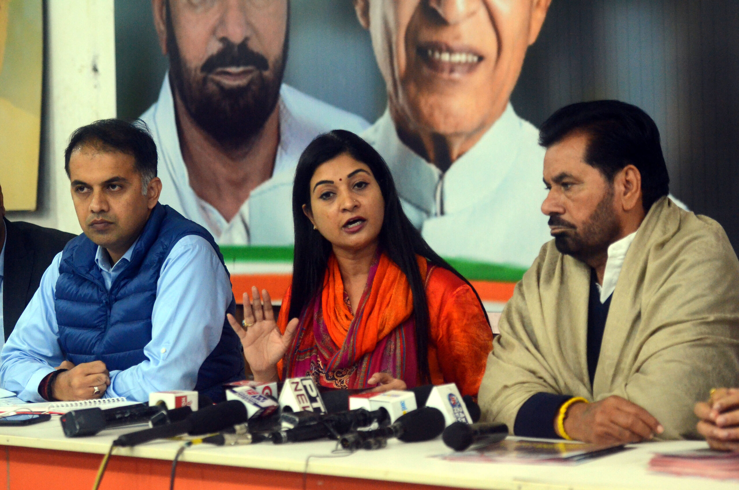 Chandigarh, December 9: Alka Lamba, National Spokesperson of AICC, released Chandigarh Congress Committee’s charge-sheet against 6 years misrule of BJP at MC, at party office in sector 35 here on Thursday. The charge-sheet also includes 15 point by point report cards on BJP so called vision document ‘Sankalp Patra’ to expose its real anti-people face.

------------------------------------------------------------------------

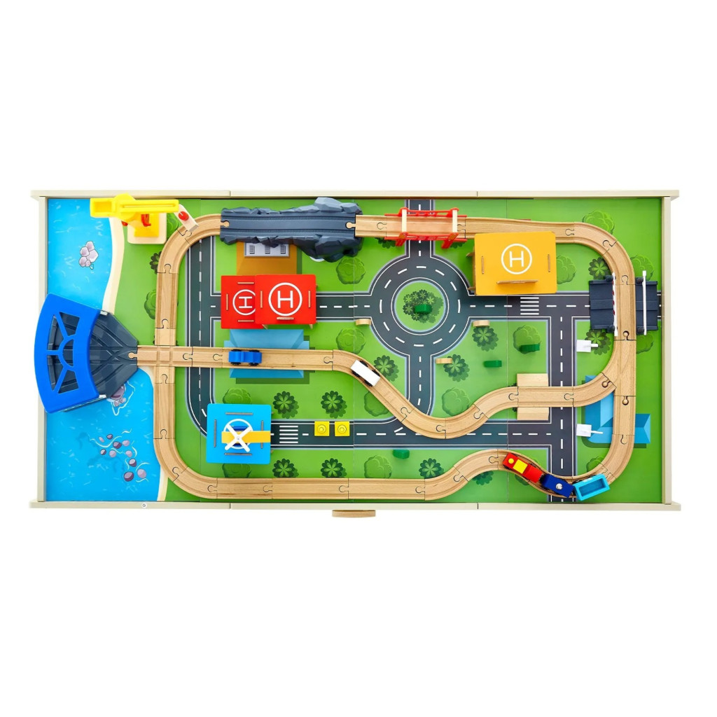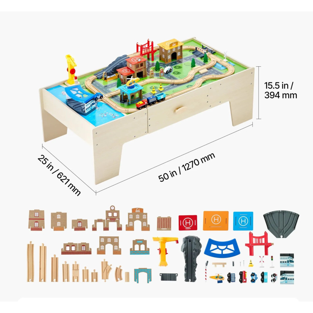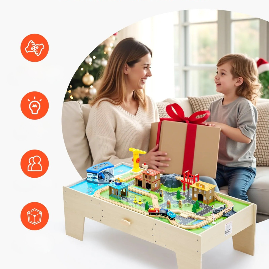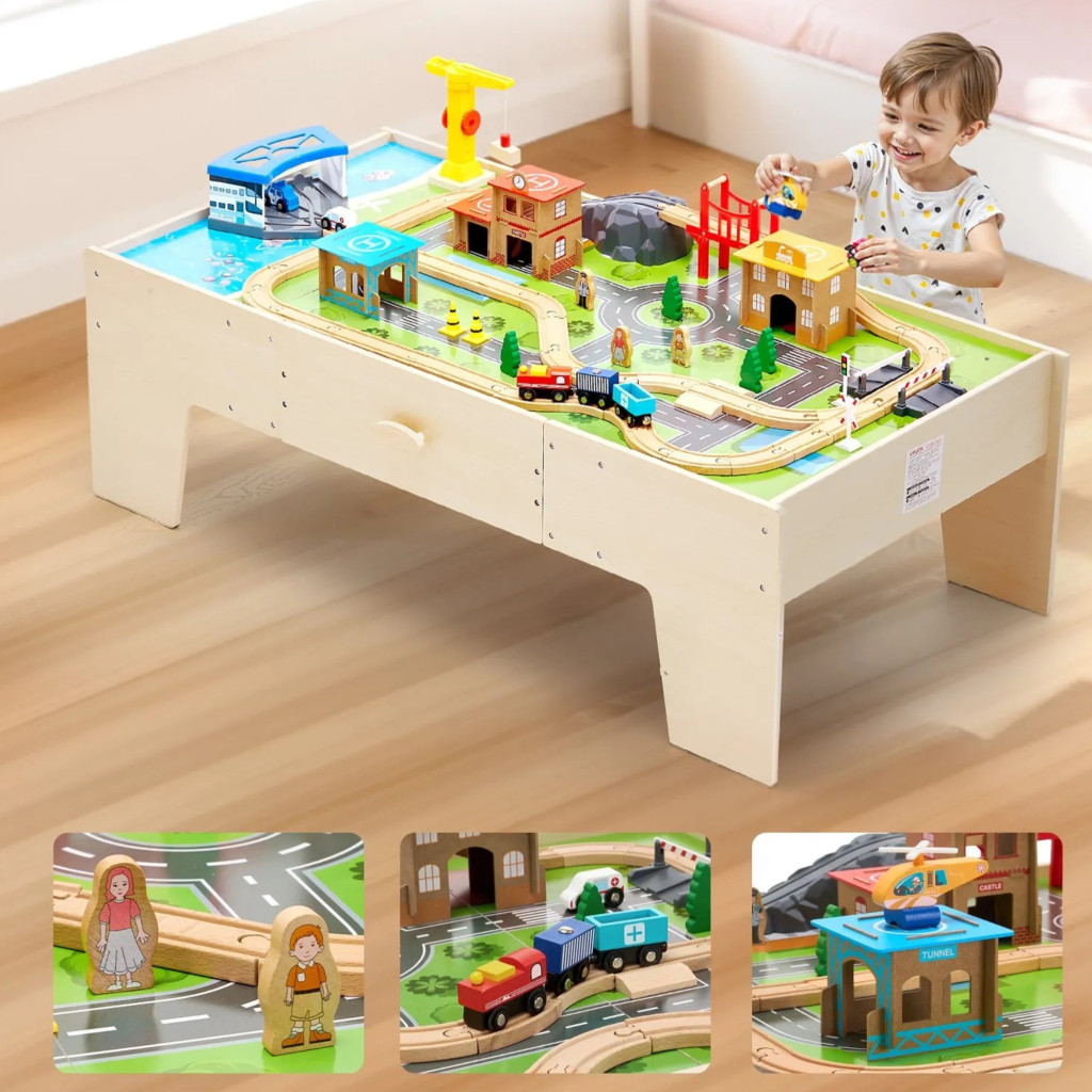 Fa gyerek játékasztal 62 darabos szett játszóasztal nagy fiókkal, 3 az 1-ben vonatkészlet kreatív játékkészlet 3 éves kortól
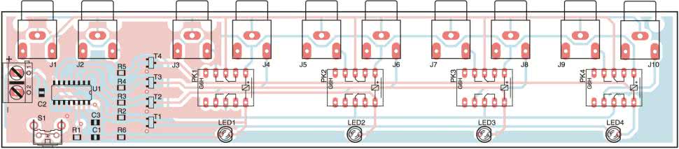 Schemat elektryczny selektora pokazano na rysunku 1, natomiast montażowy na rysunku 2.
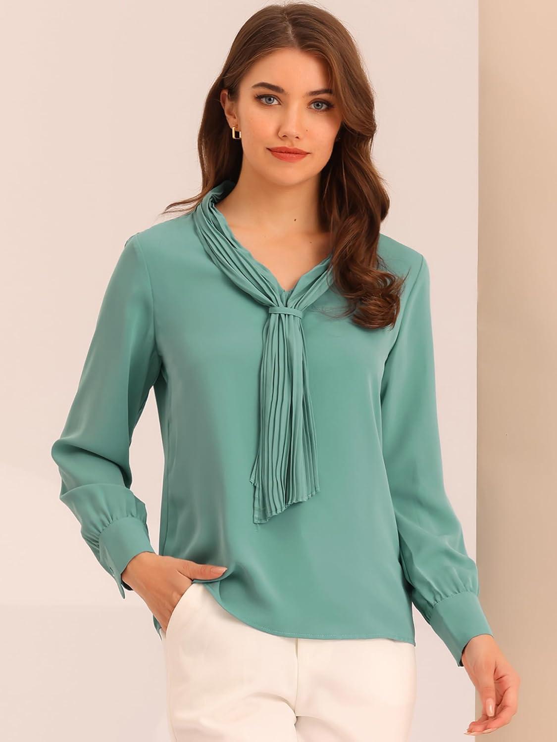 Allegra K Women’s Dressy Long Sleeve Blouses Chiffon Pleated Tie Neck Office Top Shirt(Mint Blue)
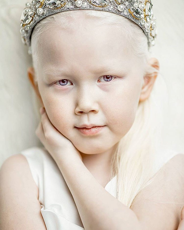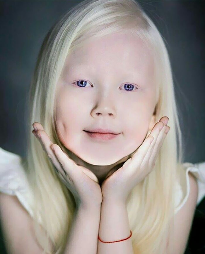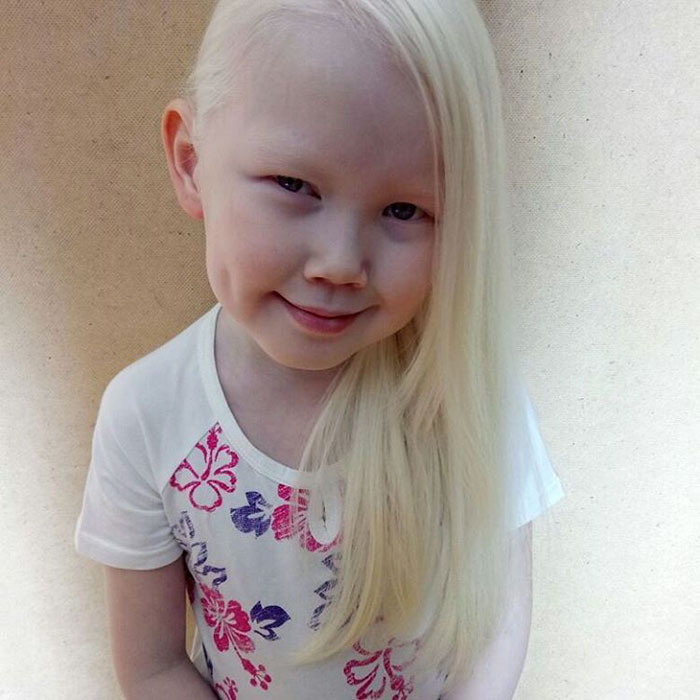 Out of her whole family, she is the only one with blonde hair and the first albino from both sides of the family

------------------------------------------------------------------------

_WHAT IS NEEDED:_
From the records above, transcribe only the stretch from the line with "Schemat elektryczny selektora" through the line with "Out of her whole", keeping both ends. Omit pictures.

_RESULT FOR THIS EXERCISE:_
 Schemat elektryczny selektora pokazano na rysunku 1, natomiast montażowy na rysunku 2.
 Allegra K Women’s Dressy Long Sleeve Blouses Chiffon Pleated Tie Neck Office Top Shirt(Mint Blue)
 Out of her whole family, she is the only one with blonde hair and the first albino from both sides of the family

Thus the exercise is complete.